START Exercise input

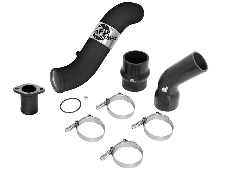 Flow and Performance: Constructed of 3" mandrel bent, powder-coated aluminum tubing for maximum flow. The smooth transition bends decrease turbulence and minimize pressure loss, increasing horsepower, torque and lowering EGT's. Installs on the Hot Side to transfer heated air smoothly to the intercooler to accelerate heat transfer for better performance. Perfect Fit: Utilizes the factory mounting locations to provide stability for a hassle-free installation. Includes high quality stainless steel spring loaded t-bolt clamps and heavy-duty 5-Ply couplings for strength. Fits OEM or aFe's upgraded intercooler (46-20281). aFe Badging: A unique stainless steel laser-cut aFe power logo plate is welded-on for an aggressive style
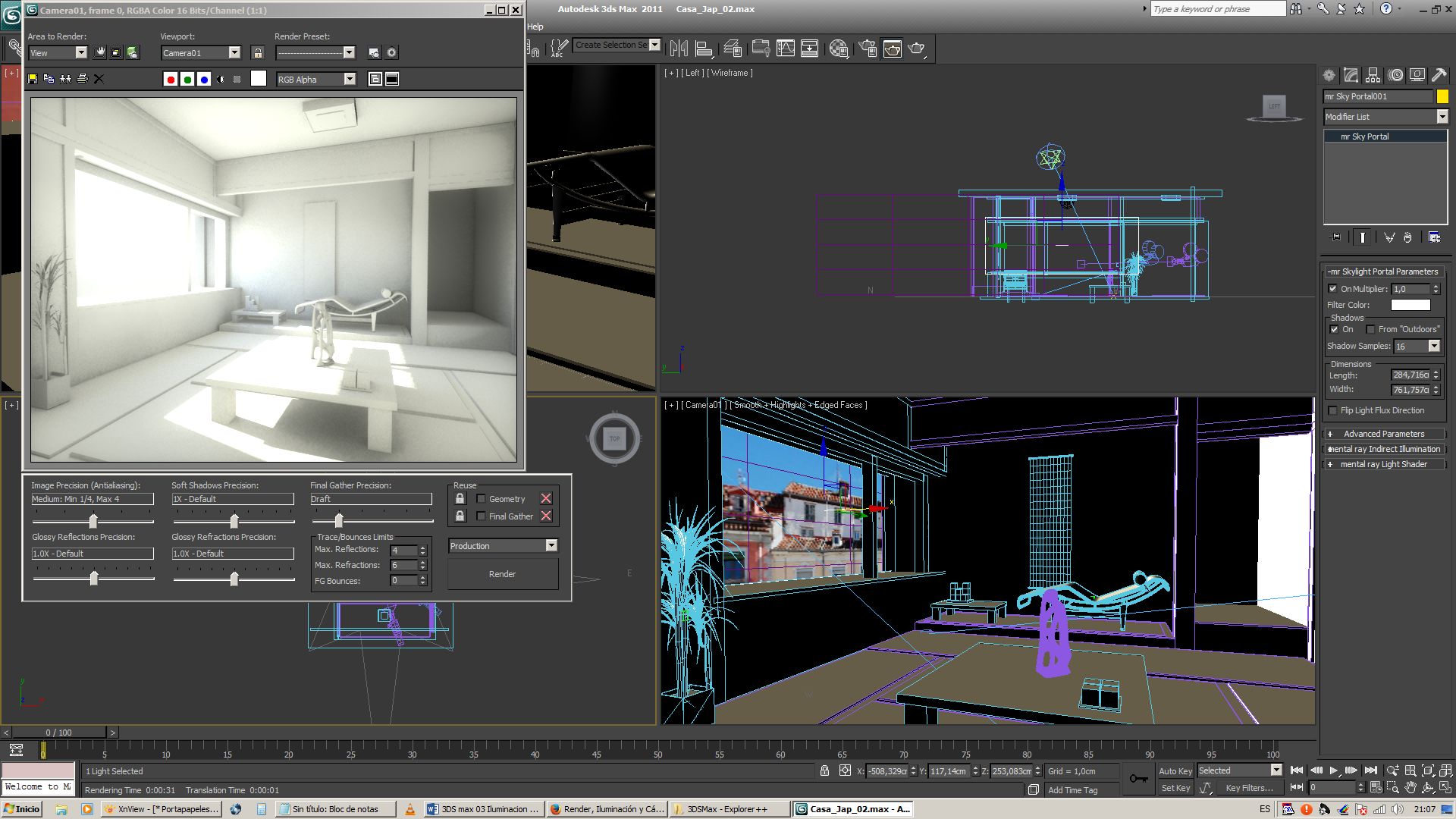 Intento seguir un tutorial para iluminar un interior con luz natural. He puesto un Daylight System con mrSun, mrSky y mrSkyPortal en la ventana.
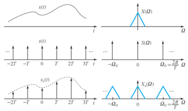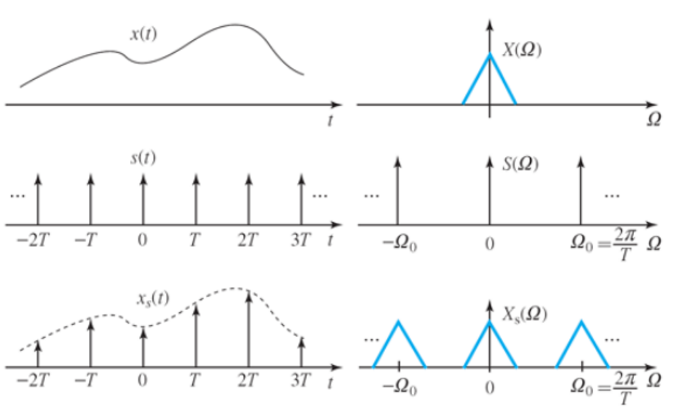 $$ x_s(t)=x(t)s(t) \underset{\text{CTFT}}{\longleftrightarrow}X_s(\Omega)=\dfrac{1}{2\pi}X(\Omega)*S(\Omega) $$
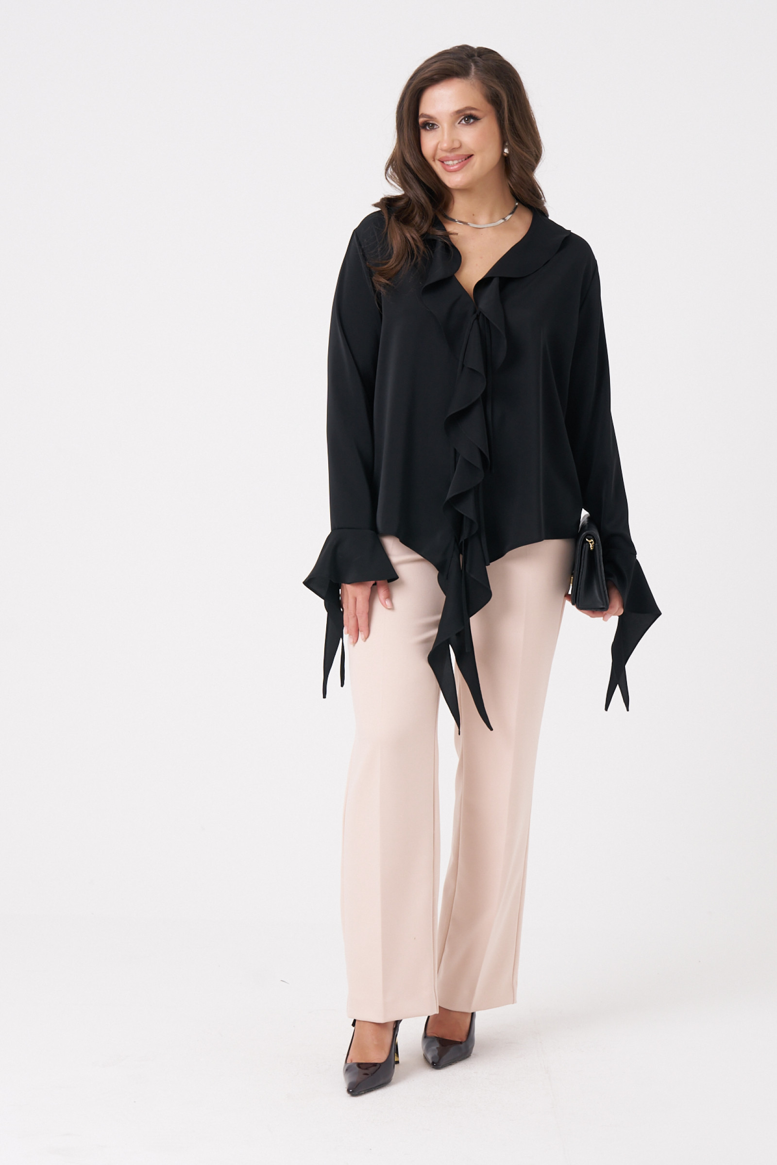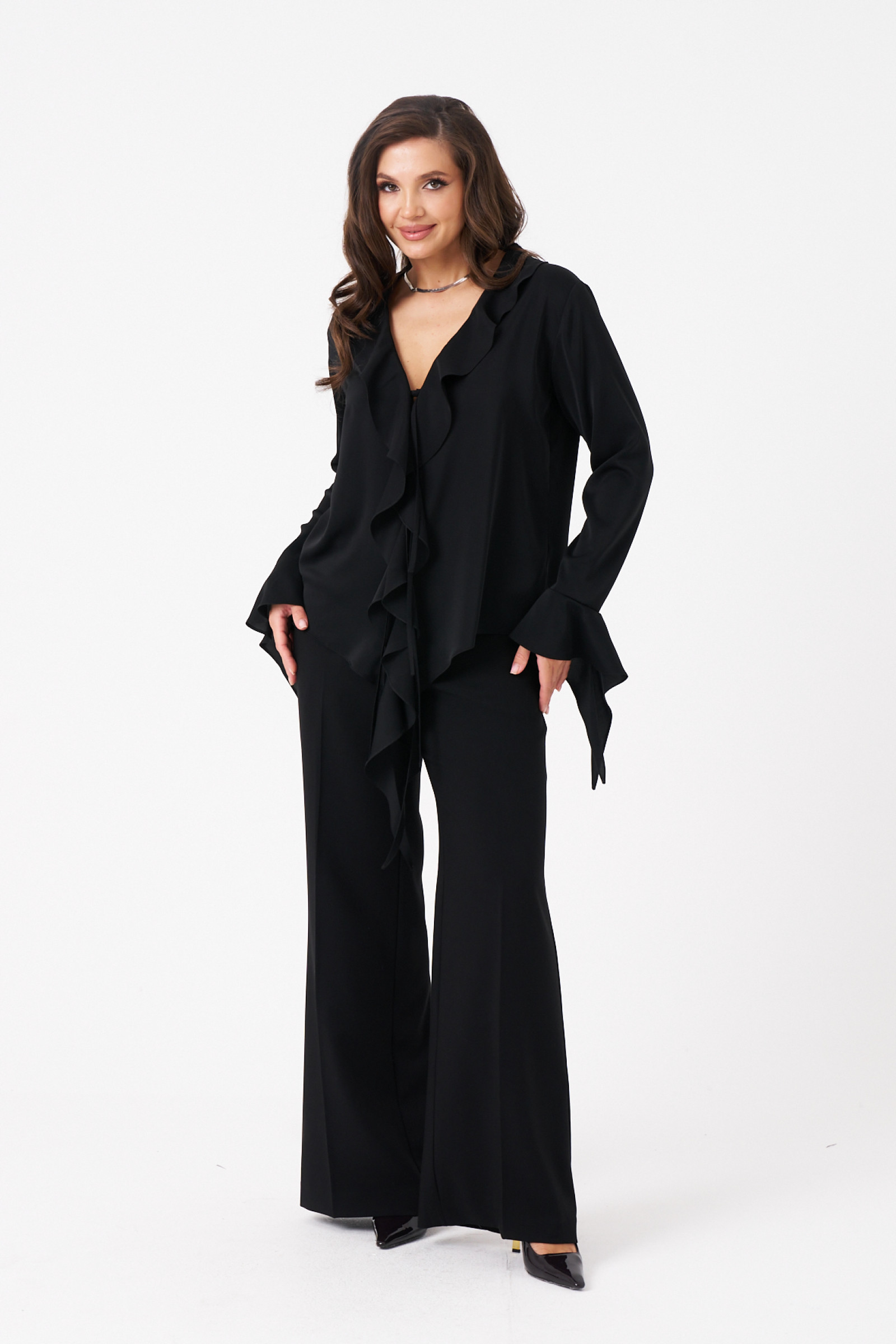 Эта женская блузка из струящейся ткани идеально подойдет для повседневной носки. Ее прямой силуэт обеспечивает комфорт и элегантность. Перед украшен воланами вдоль V-образной горловины и края борта, что придает изделию изящный и женственный вид. Воланы расположены чуть ниже изделия, создавая мягкий акцент. Длинные втачные рукава с обработанными притачными воланоми на низе добавляют изящества и завершенности образу. Перед блузки украшен завязками, которые позволяют регулировать посадку и подчеркивать талию. Классический черный цвет делает эту модель универсальной — она отлично дополнит любой гардероб и подчеркнет достоинства вашей фигуры.
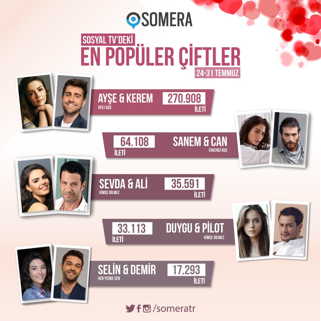 SOMERA (Servicii de măsurare, analiză şi cercetare în Social Media), a dat publicității clasamentul cu cele mai populare cupluri din seriale, în săptămâna 24-31 iulie.
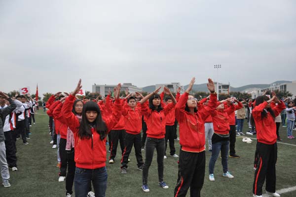 各就各位,为比赛做着充分准备。安全学子更是积极向上,表现突出。音乐响起,同学们便跟着舞动起来。尽管风很大,但却没有一个人叫累,而是以一种比平时更加认真的态度来对待这次彩排。为了比赛的成功,为了天美传媒
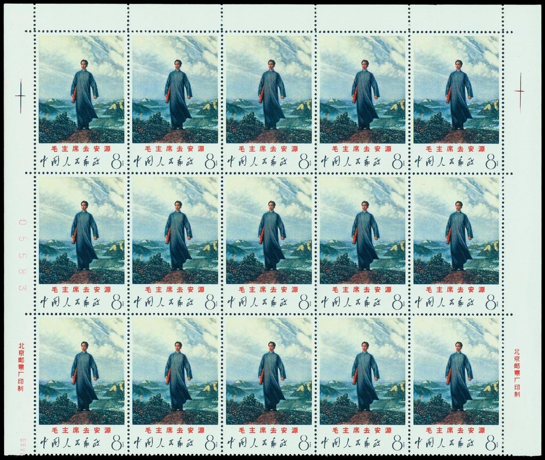 1968 Chairman Mao Goes to Anyuan (W12) 8f. block of fifteen from the top of the sheet with imprints and sheet number, unmounted mint, fine to very fine, a good large multiple of this popular stamp. Yang W61. Photo

END Exercise input

-- Exercise directions --
All the records need to be repeated exactly, with the images dropped.

-- Result --
 Flow and Performance: Constructed of 3" mandrel bent, powder-coated aluminum tubing for maximum flow. The smooth transition bends decrease turbulence and minimize pressure loss, increasing horsepower, torque and lowering EGT's. Installs on the Hot Side to transfer heated air smoothly to the intercooler to accelerate heat transfer for better performance. Perfect Fit: Utilizes the factory mounting locations to provide stability for a hassle-free installation. Includes high quality stainless steel spring loaded t-bolt clamps and heavy-duty 5-Ply couplings for strength. Fits OEM or aFe's upgraded intercooler (46-20281). aFe Badging: A unique stainless steel laser-cut aFe power logo plate is welded-on for an aggressive style
 Intento seguir un tutorial para iluminar un interior con luz natural. He puesto un Daylight System con mrSun, mrSky y mrSkyPortal en la ventana.
 $$ x_s(t)=x(t)s(t) \underset{\text{CTFT}}{\longleftrightarrow}X_s(\Omega)=\dfrac{1}{2\pi}X(\Omega)*S(\Omega) $$
 Эта женская блузка из струящейся ткани идеально подойдет для повседневной носки. Ее прямой силуэт обеспечивает комфорт и элегантность. Перед украшен воланами вдоль V-образной горловины и края борта, что придает изделию изящный и женственный вид. Воланы расположены чуть ниже изделия, создавая мягкий акцент. Длинные втачные рукава с обработанными притачными воланоми на низе добавляют изящества и завершенности образу. Перед блузки украшен завязками, которые позволяют регулировать посадку и подчеркивать талию. Классический черный цвет делает эту модель универсальной — она отлично дополнит любой гардероб и подчеркнет достоинства вашей фигуры.
 SOMERA (Servicii de măsurare, analiză şi cercetare în Social Media), a dat publicității clasamentul cu cele mai populare cupluri din seriale, în săptămâna 24-31 iulie.
 各就各位,为比赛做着充分准备。安全学子更是积极向上,表现突出。音乐响起,同学们便跟着舞动起来。尽管风很大,但却没有一个人叫累,而是以一种比平时更加认真的态度来对待这次彩排。为了比赛的成功,为了天美传媒
 1968 Chairman Mao Goes to Anyuan (W12) 8f. block of fifteen from the top of the sheet with imprints and sheet number, unmounted mint, fine to very fine, a good large multiple of this popular stamp. Yang W61. Photo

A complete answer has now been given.